Jonathan Phelan, the FSA's head of unauthorised business, adds:"These lists are nothing more than fraudsters' phone books and the people that use them are ruthless, calculated and will stop at nothing to steal your money. A call out of the blue is one of the hallmarks of investment scams, so if you ever get an unexpected call with promises of fantastic returns - you should be extremely skeptical."

The warnings

The first letters will arrive today. However, given the vast number of targets, the FSA is sending the warnings out in waves. In just over 19,000 cases, the list has an email address instead of a postal one, so targets will receive an email instead.

If you receive a letter you may think you are safe. After-all the criminals who had your details have been stopped in their tracks. However, there are a couple of remaining risks. The first is that criminal scams can often rise from the ashes of another scam that is closed down by the FSA by individuals who evaded prosecution.

The second reason is that making it to one list often means you are automatically included on others. The criminal fraternity share the names of those considered vulnerable to scams, so they can help bleed them dry.

If you receive a letter or email, therefore, it means you may well continue to be targeted by scams.

What to do

The letter provides tips on how to spot a scam, avoid becoming a victim and what to do if you have already invested. Phelan says: "If you get a letter or email from the FSA over the next five or six weeks, please read it - it could you save you tens of thousands of pounds. If you have already been contacted by a firm offering you a 'once in lifetime' investment opportunity or have already invested, then tell us. The information you have could help us catch criminals and shut down their scams."

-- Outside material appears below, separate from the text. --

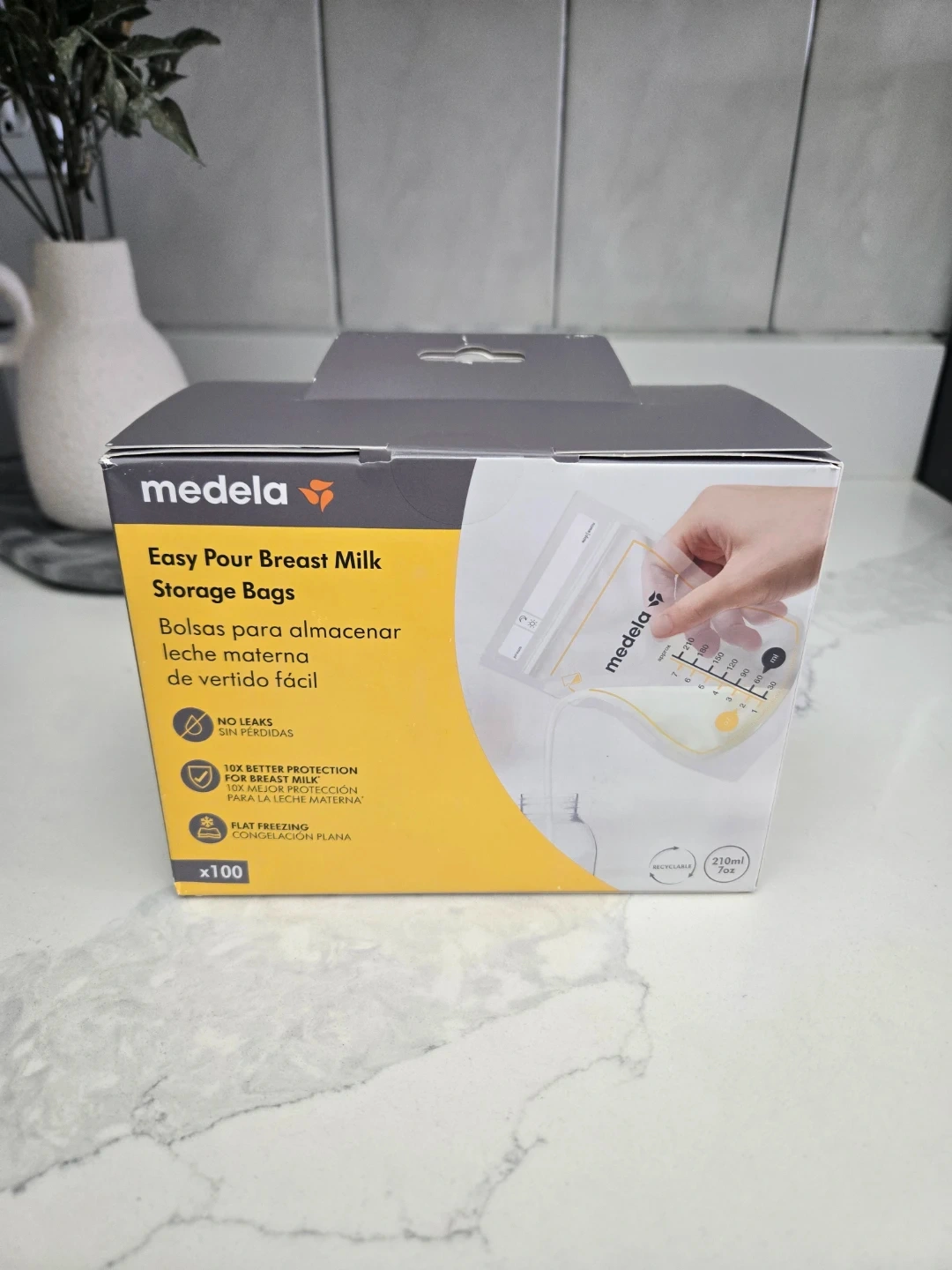Medela Easy Pour Breast Milk Storage Bags. Includes 100 bags. These bags offer no leaks and 10x better protection for breast milk. They're also designed for flat freezing.

If you are contacted by a firm offering to buy or sell investments the FSA warns:
  • be especially wary if you are contacted out of the blue;
  • check the firm or individual's status on the FSA Register;
  • call the firm back on the switchboard number provided on the FSA Register to make sure that the call came from the legitimate authorised firm;
  • check the FSA's 'warning list' to see if the FSA has published a warning about the firm;
  • consider getting independent financial or professional advice;
  • remember that if it sounds to good to be true - it probably is; and
  • if in doubt - contact the FSA.

The new risk

The nature of this mailshot could also open a new risk to those on the list. There is a strong possibility that more criminal gangs will produce fake FSA emails and letters, in order to try to scam money out of victims. The FSA has emphasised that the real contact from the FSA will always come in letter or email form and "The FSA will not call them for further information and will never ask for money, bank account or personal details."